Instructions to follow
All the lines below should appear again unchanged, though their pictures should not.

____ Recorded data

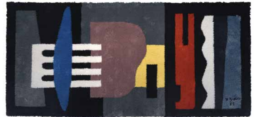
POINT CENTRAL - 1955 - TAPIS EN LIN 90 X 195
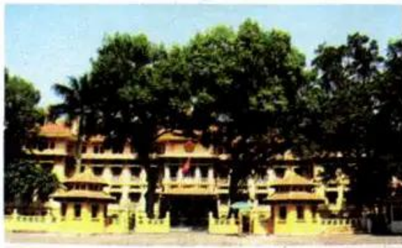
Hình 5. Trụ sở Bộ Ngoại giao

– Quan sát các hình dưới đây, chỉ ra hình ảnh thể hiện Hà Nội là trung tâm chính trị, văn hoá, khoa học, kinh tế.
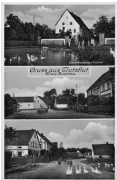
■ Sokolniki - pocztówka z pocz. XX w.

Dom mieszkalny nr 11 z 1848 r. (data nad wejściem zapisana cyframi rzymskimi: MDCCCXLVIII, z inicjałami U.K.E. oraz domalowanymi później cyframi 48, na zapisie rzymskim). Budynek murowany, piętrowy, ustawiony szczytowo, z dachem dwuspadowym (pierwotnie z lukarnami). Część otworów okiennych zmieniono. W części centralnej wejście i portal z łukiem koszowym, ujęty parami pilastrów, podobnie krawędzie ścian zdobią pilastry. Do domu przylega budynek gospodarczy. Obora naprzeciwko budynku mieszkalnego, szczytowo ustawiona do ulicy, z końca XIX wieku. Murowana, sklepienie na słupach kamiennych, część otworów okiennych z łukiem odcinkowym w obramowaniu ceglany. Obok magazyn z bramą zakończoną łukiem odcinkowym, obecnie z wrotami przesuwными. W głębi podwórza stodoła z przełomu XIX i XX wieku, z dachem dwuspadowym, murowana, otynkowana, z parą wrót na przestrzał. Tego typu układy zabudowań są charakterystyczne dla większości gospodarstw w Sokolnikach.
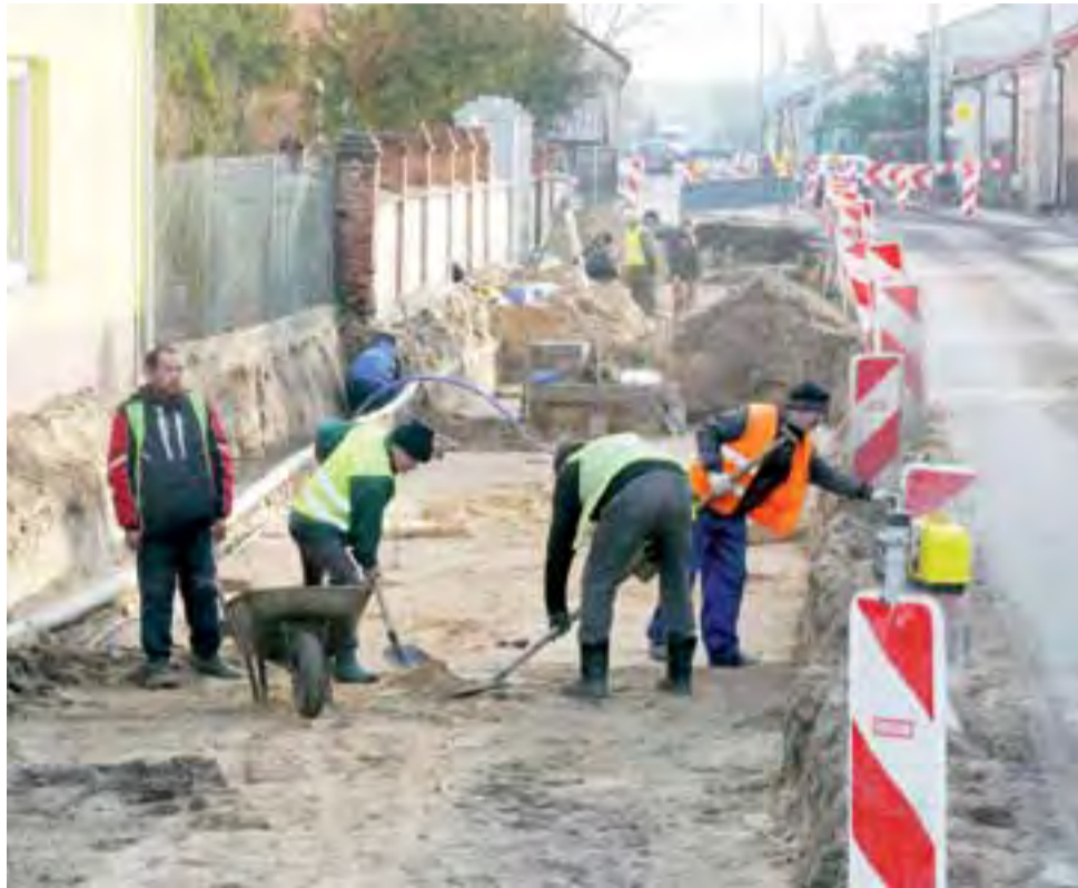
Prace archeologiczne prowadzone na ul. Skierniewickiej w Bolimowie doszły już do rynku. Badacze zajęli jeden pas ruchu, dlatego przejazd przez ten odcinek ulicy sterowany jest przez sygnalizację świetlną.

Tak jak pisaliśmy trzy tygodnie temu, mimo braku spektakularnych znalezisk – z ziemi udało się wydobyć zaledwie kilka monet,
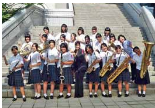
南九州コンテスト演奏直後に記念撮影
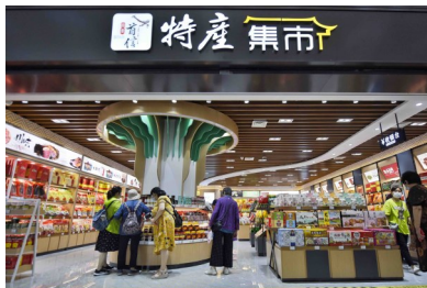
旅客在T2航站楼内的特产集市选购商品。新华社发
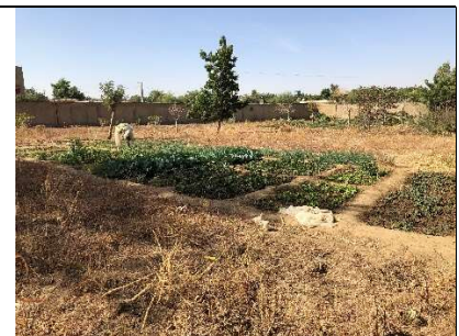
Parcelle d'Aminata Diallo
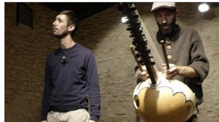
Conteur et musicien pour semer les mots de Jean Giono.
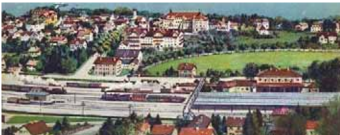
An der Bräuhausstraße: Planiert für neue Wohnungen und Allee in den 20er Jahren
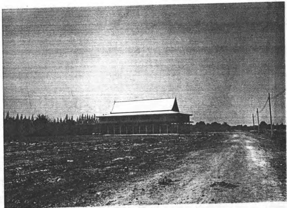
รูปที่ 3 ที่ตั้งสมาคมชาวไทยรามัญ ในหมู่ 2 ซึ่งเป็นของ ชาวมอญทั่วประเทศ

ในด้านกรปกครองชาวบ้านนั้น ไม่ค่อยเป็นปัญหามาก ส่วนใหญ่คดีที่เกิดขึ้น เป็นคดีเล็ก ๆ น้อย ๆ เช่น การทะเลาะวิวาทที่ไม่รุนแรง ซึ่งถ้าไกล่เกลี่ยกันได้ก็ เลิกกันไป แต่ถ้าตกลงกันไม่ได้ก็จะส่งไปให้เจ้าหน้าที่ตำรวจที่สถานีตำรวจท่าข้าม เป็นผู้ตัดสิน ซึ่งส่วนใหญ่เมื่อมีเรื่องจะไม่ค่อยถึงตำรวจ เพราะเมื่อสืบสาวดูก็พบว่า เป็น ญาติ ๆ กัน จึงต้องยอมความกันไป ส่วนปัญหาการลักเล็กขโมยน้อย แม้ชาวบ้านจะ ปลุกบ้านโดยไม่กันรั้ว แต่ไม่ปรากฏว่ามีของหาย เมื่อมีธุระจำเป็นต้องออกนอกบ้าน ก็จะมีคนข้างบ้านช่วยดูแลให้ ปัญหาโจรผู้ร้ายแทบจะไม่มี หรือนาน ๆ มีครั้ง ซึ่ง โจรผู้ร้ายนั้นส่วนใหญ่เป็นคนนอกหมู่บ้าน

________

Exercise output
POINT CENTRAL - 1955 - TAPIS EN LIN 90 X 195
Hình 5. Trụ sở Bộ Ngoại giao

– Quan sát các hình dưới đây, chỉ ra hình ảnh thể hiện Hà Nội là trung tâm chính trị, văn hoá, khoa học, kinh tế.
■ Sokolniki - pocztówka z pocz. XX w.

Dom mieszkalny nr 11 z 1848 r. (data nad wejściem zapisana cyframi rzymskimi: MDCCCXLVIII, z inicjałami U.K.E. oraz domalowanymi później cyframi 48, na zapisie rzymskim). Budynek murowany, piętrowy, ustawiony szczytowo, z dachem dwuspadowym (pierwotnie z lukarnami). Część otworów okiennych zmieniono. W części centralnej wejście i portal z łukiem koszowym, ujęty parami pilastrów, podobnie krawędzie ścian zdobią pilastry. Do domu przylega budynek gospodarczy. Obora naprzeciwko budynku mieszkalnego, szczytowo ustawiona do ulicy, z końca XIX wieku. Murowana, sklepienie na słupach kamiennych, część otworów okiennych z łukiem odcinkowym w obramowaniu ceglany. Obok magazyn z bramą zakończoną łukiem odcinkowym, obecnie z wrotami przesuwными. W głębi podwórza stodoła z przełomu XIX i XX wieku, z dachem dwuspadowym, murowana, otynkowana, z parą wrót na przestrzał. Tego typu układy zabudowań są charakterystyczne dla większości gospodarstw w Sokolnikach.
Prace archeologiczne prowadzone na ul. Skierniewickiej w Bolimowie doszły już do rynku. Badacze zajęli jeden pas ruchu, dlatego przejazd przez ten odcinek ulicy sterowany jest przez sygnalizację świetlną.

Tak jak pisaliśmy trzy tygodnie temu, mimo braku spektakularnych znalezisk – z ziemi udało się wydobyć zaledwie kilka monet,
南九州コンテスト演奏直後に記念撮影
旅客在T2航站楼内的特产集市选购商品。新华社发
Parcelle d'Aminata Diallo
Conteur et musicien pour semer les mots de Jean Giono.
An der Bräuhausstraße: Planiert für neue Wohnungen und Allee in den 20er Jahren
รูปที่ 3 ที่ตั้งสมาคมชาวไทยรามัญ ในหมู่ 2 ซึ่งเป็นของ ชาวมอญทั่วประเทศ

ในด้านกรปกครองชาวบ้านนั้น ไม่ค่อยเป็นปัญหามาก ส่วนใหญ่คดีที่เกิดขึ้น เป็นคดีเล็ก ๆ น้อย ๆ เช่น การทะเลาะวิวาทที่ไม่รุนแรง ซึ่งถ้าไกล่เกลี่ยกันได้ก็ เลิกกันไป แต่ถ้าตกลงกันไม่ได้ก็จะส่งไปให้เจ้าหน้าที่ตำรวจที่สถานีตำรวจท่าข้าม เป็นผู้ตัดสิน ซึ่งส่วนใหญ่เมื่อมีเรื่องจะไม่ค่อยถึงตำรวจ เพราะเมื่อสืบสาวดูก็พบว่า เป็น ญาติ ๆ กัน จึงต้องยอมความกันไป ส่วนปัญหาการลักเล็กขโมยน้อย แม้ชาวบ้านจะ ปลุกบ้านโดยไม่กันรั้ว แต่ไม่ปรากฏว่ามีของหาย เมื่อมีธุระจำเป็นต้องออกนอกบ้าน ก็จะมีคนข้างบ้านช่วยดูแลให้ ปัญหาโจรผู้ร้ายแทบจะไม่มี หรือนาน ๆ มีครั้ง ซึ่ง โจรผู้ร้ายนั้นส่วนใหญ่เป็นคนนอกหมู่บ้าน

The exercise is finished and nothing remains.